Comparative example 1
A small receptor molecule DC4Cl that does not contain an intrinsic quinoid unit, having the structural formula:
Figure BDA0003469416720000171
the synthetic route is as follows:
Figure BDA0003469416720000172
(1) Synthesis of Compound 33
Compound 32 (800 mg,1.86 mmol), pdCl was reacted under nitrogen atmosphere 2 (PhCN) 2 (22 mg,0.056 mmol), potassium fluoride (216 mg,3.72 mmol) and silver nitrate (630 mg,3.72 mmol) were dissolved in 6ml of ultra-dry DMSO and stirred overnight at 60 ℃. Cooled to room temperature, extracted with dichloromethane, and the organic phase was washed with saturated saline, dried over anhydrous magnesium sulfate, and separated and purified by column chromatography to give a red solid product in 60% yield.
(2) Synthesis of DC4Cl
Compound 33 (300 mg,0.35 mmol) and compound 5 (367 mg,1.4 mmol) were dissolved in 15ml of chloroform under nitrogen atmosphere, and 1.5ml of ultra-dry pyridine was added to react at 65℃for 1h.
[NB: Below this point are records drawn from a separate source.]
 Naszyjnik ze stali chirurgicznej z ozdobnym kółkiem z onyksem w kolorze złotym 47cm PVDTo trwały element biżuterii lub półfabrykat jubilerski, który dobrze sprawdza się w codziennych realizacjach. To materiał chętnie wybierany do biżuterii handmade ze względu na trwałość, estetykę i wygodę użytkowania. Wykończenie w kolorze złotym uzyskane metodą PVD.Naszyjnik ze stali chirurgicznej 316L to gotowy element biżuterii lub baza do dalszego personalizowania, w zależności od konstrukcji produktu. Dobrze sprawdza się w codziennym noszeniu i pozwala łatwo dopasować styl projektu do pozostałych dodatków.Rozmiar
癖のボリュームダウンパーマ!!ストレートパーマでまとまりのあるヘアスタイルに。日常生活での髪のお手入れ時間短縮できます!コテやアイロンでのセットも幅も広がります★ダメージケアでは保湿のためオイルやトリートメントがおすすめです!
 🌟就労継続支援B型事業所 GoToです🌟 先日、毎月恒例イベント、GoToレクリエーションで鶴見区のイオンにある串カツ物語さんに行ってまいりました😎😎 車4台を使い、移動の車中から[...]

The reaction solution was concentrated and settled in 200ml of anhydrous methanol, and the crude product solid was obtained by suction filtration. Separating and purifying by column chromatography to obtain blue-black solid product with metallic luster, with a yield of 90%.
Comparative example 2
A near infrared receptor small molecule DPPO4Cl that does not contain an intrinsic quinoid structure, having the structural formula:
Figure BDA0003469416720000173
the synthetic route is as follows:
Figure BDA0003469416720000181
/>
(1) Synthesis of Compound 35
Super-dry phosphorus oxychloride (140 mg,0.91 mmol) and super-dry DMF (209 mg,2.86 mmol) were stirred at 0deg.C for 30min under nitrogen atmosphere. To the reaction flask was added dropwise compound 34 (262 mg,0.22 mmol) dissolved in 6ml of ultra-dry 1, 2-dichloroethane. The temperature is raised to 90 ℃ to react for 12 hours. Adding saturated sodium bicarbonate water solution, stirring for 2 hr, cooling to room temperature, extracting with dichloromethane, washing organic phase with saturated saline solution, drying with anhydrous magnesium sulfate, and separating and purifying by column chromatography to obtain product with 75% yield.
(2) Synthesis of DPPO4Cl
Compound 35 (255 mg,0.206 mmol) and compound 5 (217 mg, 0.706 mmol) were dissolved in 13ml of chloroform under nitrogen atmosphere, and 1.3ml of ultra-dry pyridine was added to react at 65℃for 1h. The reaction solution was concentrated and settled in 200ml of anhydrous methanol, and the crude product solid was obtained by suction filtration. And separating and purifying by adopting a column chromatography separation method to obtain a black solid product with metallic luster, wherein the yield is 90%.
Comparative example 3
A near infrared receptor small molecule IIDCN not comprising an intrinsic quinoid structure, having the structural formula:
Figure BDA0003469416720000182
the synthetic route is as follows:
Figure BDA0003469416720000191
(1) Synthesis of Compound 37
Compound 36 (170 mg,0.29 mmol), compound 2 (608 mg,0.88 mmol) and palladium tetraphenylphosphine (16 mg,0.0087 mmol) were dissolved in a mixed solvent of 4ml toluene and 0.4ml DMF under nitrogen atmosphere. Reflux-reacting at 110 deg.c for 24 hr, cooling to room temperature, extracting with dichloromethane, washing the organic phase with saturated saline solution, drying with anhydrous magnesium sulfate, and separating and purifying with column chromatography to obtain product in 68% yield.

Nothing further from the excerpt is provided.